# Midland based,   day courses information



## the big fella (Jun 13, 2017)

does anyone know of or can recomend any one that does smoking- grilling or BBQ day courses or the like.

looking to go some where to try and play with as many different sorts of live units as posible and to see how they work. generally to get the basics and to generally decide on which sort of unit i like and would want to buy


----------



## wade (Jun 13, 2017)

You are welcome here - but I am in Kent so probably a little too far from you.


----------



## smokin monkey (Jun 13, 2017)

HI Big Fella, take alook at my BBQ Courses Map.

Nothing local but will give you some idea.

http://www.hotcoalsbbq.co.uk/CourseMap.html

While you are there you can sign up for regular updates.


----------



## smokin monkey (Jun 13, 2017)

This has just reminded me, Wade can you send me details and dates of your courses


----------



## the big fella (Jun 14, 2017)

cheers monkey, nothing thats a reasonable drive away so i will hold off for now. i was thinking of the shows but as someone has all ready said at a show there to busy selling or competing to share time so thats a dead idea too.

I will see what comes up later on


----------



## smokin monkey (Jun 14, 2017)

Come along to the smokers weekend 21-22 July @ Woodhall Spa, you will learn a lot for free. If there is something that you specifically want to see let us know, and I am sure we can arrange it.


----------



## the big fella (Jun 15, 2017)

cheers for the offer dude, yes its something i am seriously interested. i will know further , when i am closure to the date as work is a pain to plan anything with more than four weeks in advance, i will need to sort out somewhere for the camper van too


----------



## wade (Jun 15, 2017)

You will be very welcome at Woodhall Spa if you can make it. There will be all of the main BBQ meats being prepared and smoked - Brisket, ribs, pulled pork, fatty, chicken etc. and we are there to help and give advice. There will also be things that you can prepare if you want. You will also see most types of BBQ smoker there. It is totally free if you decide just to come for the Saturday however a pitch for a tent there is not expensive - and it is a fun weekend for both smokers and spouses. 
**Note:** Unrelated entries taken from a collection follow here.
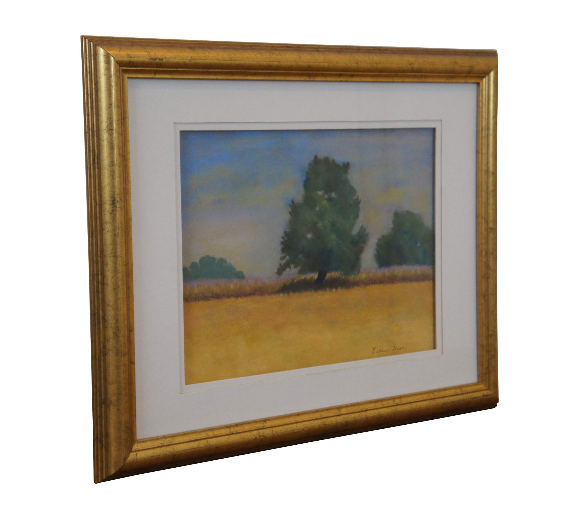 Vintage original pastel landscape painting by Dayton artist Esther Wise titled “Golden Field.”
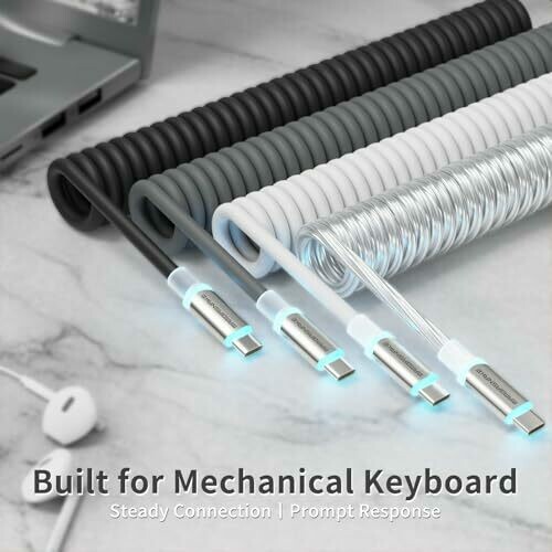 A stylish double-sleeved cable for mechanical keyboards with a detachable aviator, coil design, USB-C to USB-A, and versatile modular setup for tidy desks and reliable charging. It supports long-lasting durability and ease installation.
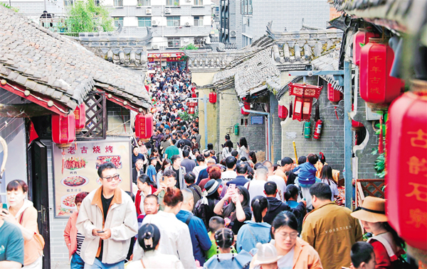 “吃個石鍋魚、品杯柚子茶,再去看特色民俗表演,體驗古風(fēng)古韻……”這個“五一”,國家AAAA級景區(qū)漢江石泉古城憑借其古風(fēng)古韻、特色美食和豐富多彩的文旅活動,吸引了全國各地游客前來“打卡”,可謂是贏得了“潑天的富貴”。青磚灰瓦的秦巴老街在陽光下熠熠生輝,絡(luò)繹不絕的游客,或駐足于古色古香的店鋪前聆聽歷史的回聲,或擠坐在火爆的石鍋魚餐館縱享味蕾盛宴,或沉浸于各種傳統(tǒng)文化活動中感受文化的魅力,為老街這幅水墨畫卷賦予靈動的色彩。“五一”假期,石泉秦巴老街開展繪畫攝影展、民俗收藏展、鬼谷子縱橫棋PK、鬼谷子誕辰紀(jì)念活動、手工制作、茶歇、漢服演繹、彈唱、縱橫棋體驗、社團(tuán)展演、常態(tài)化將軍巡城、縣令審案、繡球迎親等10多項文旅小節(jié)目演繹活動,以傳承傳統(tǒng)文化為主線,深度推進(jìn)文旅融合,讓各地游客不虛此行。“古色古香的老街風(fēng)情,極具歷史沉淀,加上這些互動性的民俗表演,精彩紛呈,值得一游!”來自寶雞的游客林女士由衷地贊美。
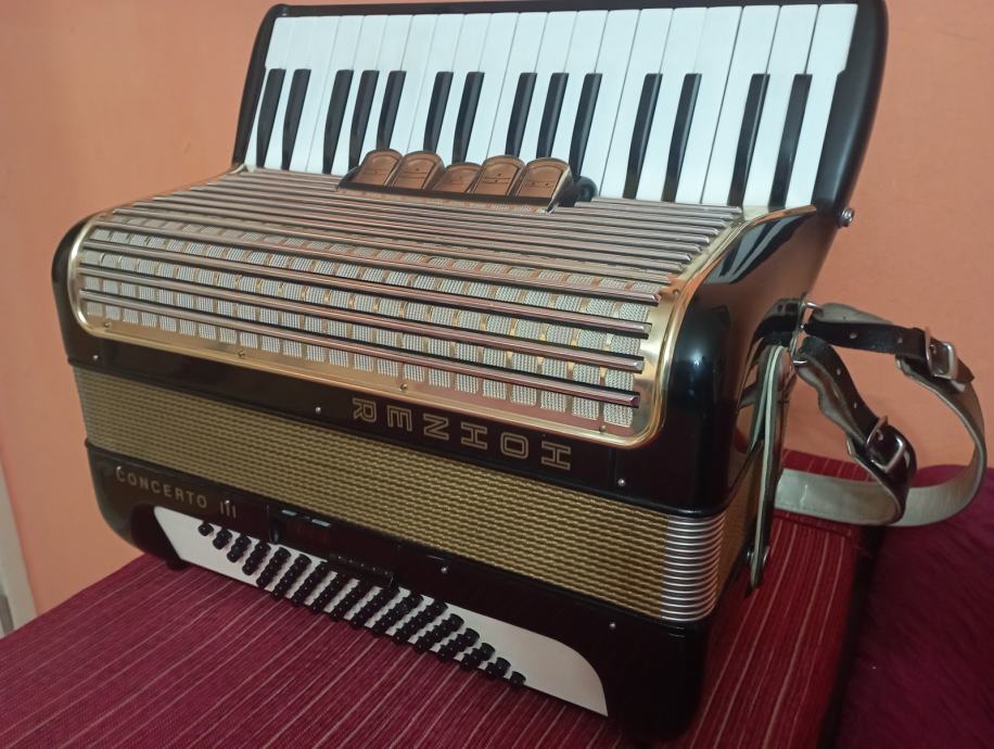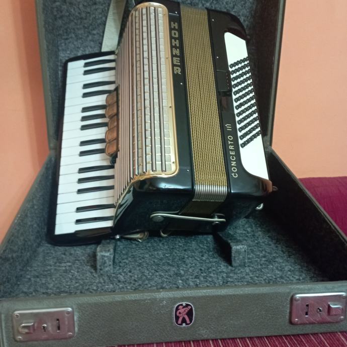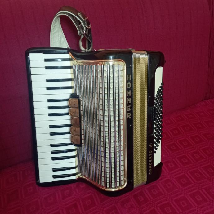 Prodajem harmoniku Hohner Concerto III 72 basa 5+2 registra sa koferom. Harmonika je troglasna na klaviaturi peteroglasna na basu potpuno ispravna bez znakova korištenja kao nova. Inf. na mobitel.
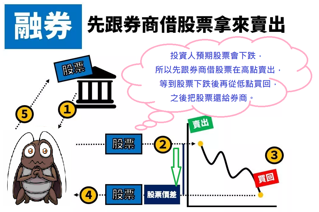 - 定義 : 向券商借股票拿來賣。
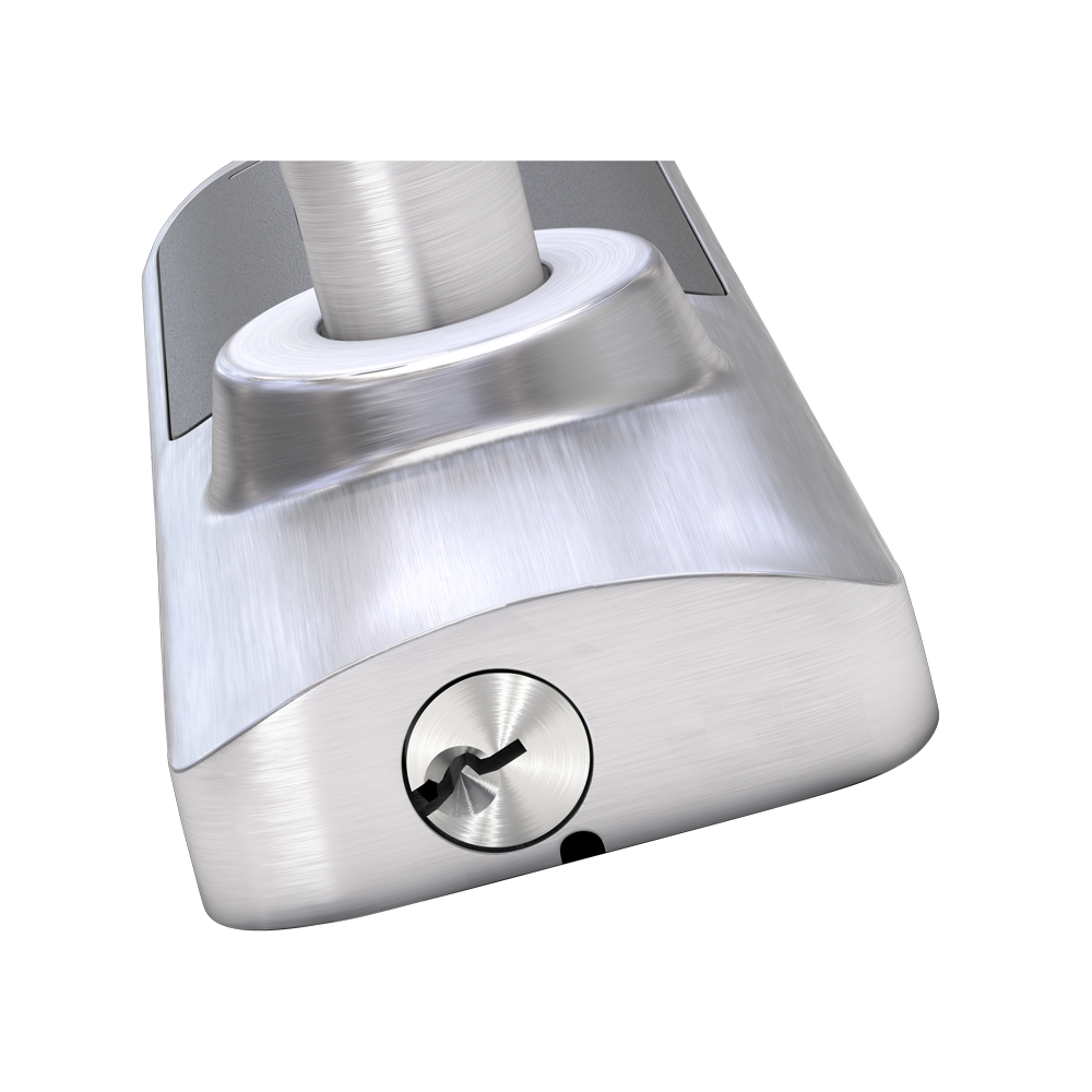 - Utilizes a modular adapter for simple transitions to a wide variety of exit devices
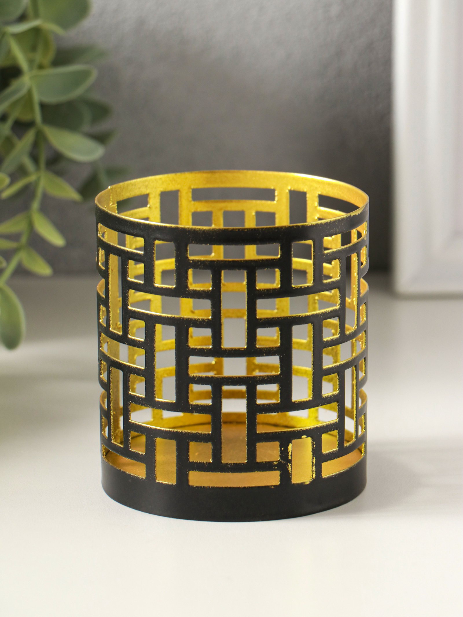 Металлический подсвечник "Цилиндр геометрия", 7.5x7.5x8 см, чёрный с золотом, Омский свечной завод, Россия

Hopefully your dates will work out


----------



## smokin monkey (Jun 15, 2017)

the big fella said:


> i will need to sort out somewhere for the camper van too



You can book a pitch at the site, use the web site below and there a link to the camp site.

http://www.uk-smf.co.uk

The cooking takes place around pitches 83 & 84, so if you can book near there it would be good. The site is not that big, and everything is within a couple of minutes walk.


----------



## the big fella (Jun 15, 2017)

ok , cheers


----------